異世界の捜索
地球とは異なる世界で、彼女は占い師をしていた。
夜だけとなってしまった世界の、小さな町。それでも人々は活気に満ちており、彼女の店も繁盛している。
「さて、今日の占いはここまでです。貴方にギルス王の慈悲があらんことを」
これが今日最後の客へ向ける言葉であった。いつも必ず、この世界における王の名を入れることで、客は必ず満足して帰ってゆく。
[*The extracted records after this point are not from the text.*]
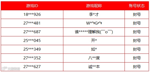 通过用户举报数据,为了维护绿色健康、公平的游戏环境,依据《游戏推广服务规则》、《用户协议》及国家互联网相关法规,我司游戏平台决定对以下玩家违规账号进行封号处罚。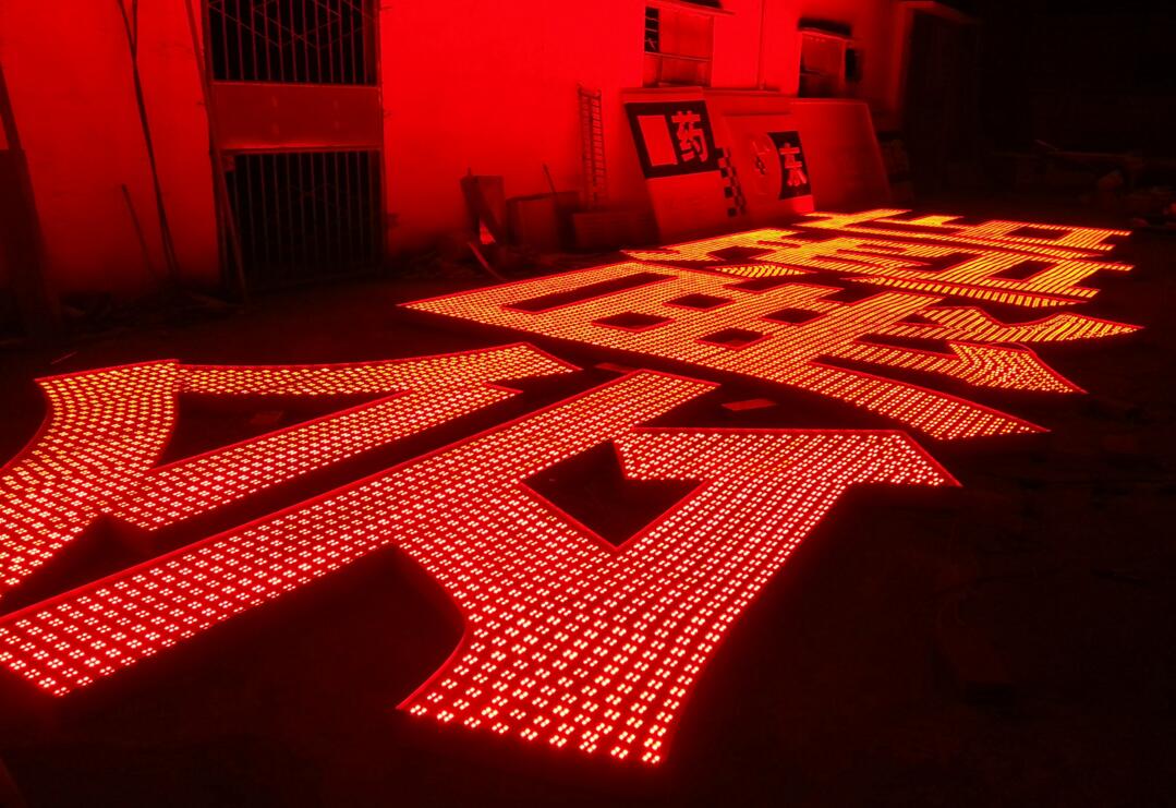 冲孔距离是2.5cm,3cm是常见的,就是一个孔与一个孔的距离是2.5cm,或者是3cm,冲孔发光字的是一个个的小孔的字。冲孔的大小有9mm 12mm ,9mm大小的就是用9mm的光源,12mm的就是使用相关匹配的光源。冲孔发光字一般一个平方安装的光源数量在300-350颗不等,有些字的笔画比较的粗,例如大黑体,采用的光源,就是要比行楷隶书要多一点。经常听到很多的同行说,这套字接的不挣钱,那套字接的还好一点点,这主要是发光字制作的成本不是一层不变的,还有就是字体,颜色,这些都是要考虑的。不同的字体制作的成本是不一样的,有些字体可能便宜一点也可能做,但是有些字体是做不了的,有些字体还需要加钱才能够够成本给予制作。冲孔发光字的制作孔距,采用的光源,这些都是比较的灵活的,可以调整的。价格与要求,以及材质有光。具体的电议或者是面议。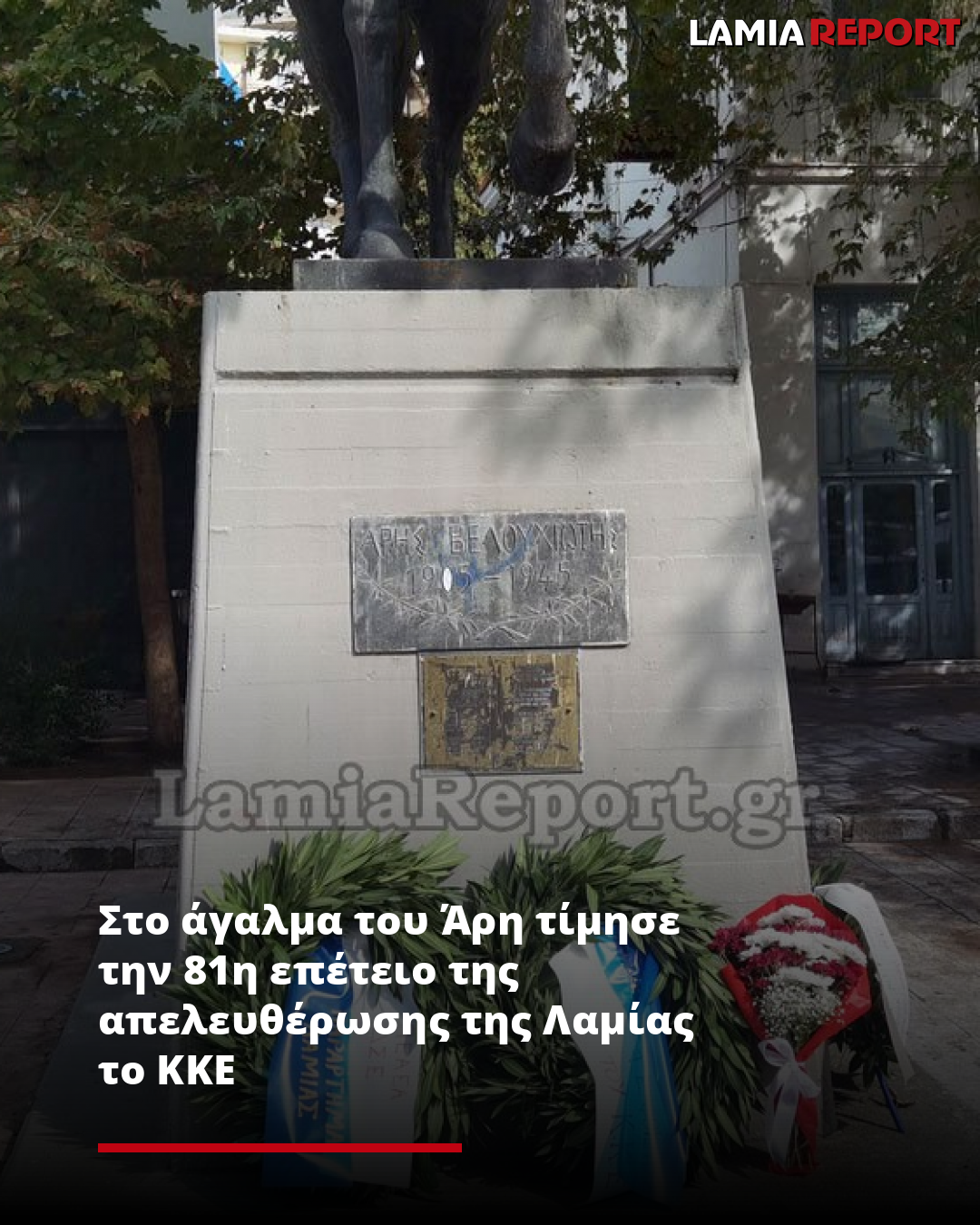 Η Τομεακή Επιτροπή Φθιώτιδας του ΚΚΕ και το Παράρτημα Λαμίας της ΠΕΑΕΑ – ΔΣΕ, τίμησαν την 81η επέτειο της απελευθέρωσης της Λαμίας από τις δυνάμεις του ΕΛΑΣ στις 18 Οκτώβρη 1944, με εκδήλωση τιμής και μνήμης το Σάββατο (18/10/25) το πρωί στην Πλατεία Λαού, μπροστά στο άγαλμα του πρωτοκαπετάνιου Άρη Βελουχιώτη.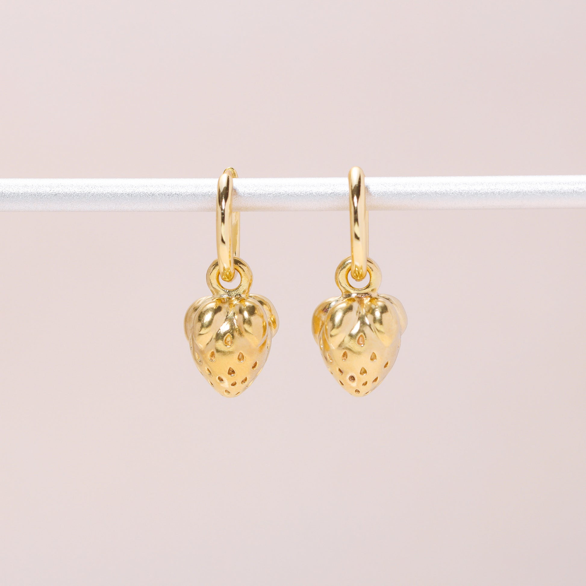 These earrings are designed to be playful, vibrant, and just a little bit extra, with the cutest tiny strawberry charm dangling from each hoop. Whether you’re a fruit lover, a foodie, or just looking for something fun and unique, these hoops are sure to add some sweetness to your life.

この世界において、ギルスは神に近しいほどの賛美を受ける王である。
「ふふ。今日もごっそり稼げちゃったわぁ」
一人きりになった店内で、金貨を数えながら占い師はニヤニヤと笑みを漏らしていた。
「しかも副業も順調。これなら来年には夢の豪邸が手に入るわね」
彼女の夢は、宮殿のような豪邸に住み、何も苦労することのない人生を手に入れること。
その夢がそう遠くない時期に叶いそうなほど、懐が潤ってきた。
しかし、彼女の問題は大きな収入源となっている、もう一つの副業である。
それがなければ今宵、招かれざる客など訪れはしなかった。
「ほほー。ここが噂のよく当たる占い師のお店ですか」
中年を過ぎているであろう男の声が、薄いカーテンの向こうから聞こえてくる。
彼女はお金をしまうと、奥にいる何かに優しげに声をかけた。
「あら、ごめんなさい。今日はもう店じまいですの」
「それならご心配なく。客で来たんじゃありませんからな」
「はい?」
冷やかしでやってきたとでもいうのか。途端に占い師の声が冷ややかになる。
最近こういう迷惑な連中が増えていたので、すぐに頭は臨戦態勢に入っていた。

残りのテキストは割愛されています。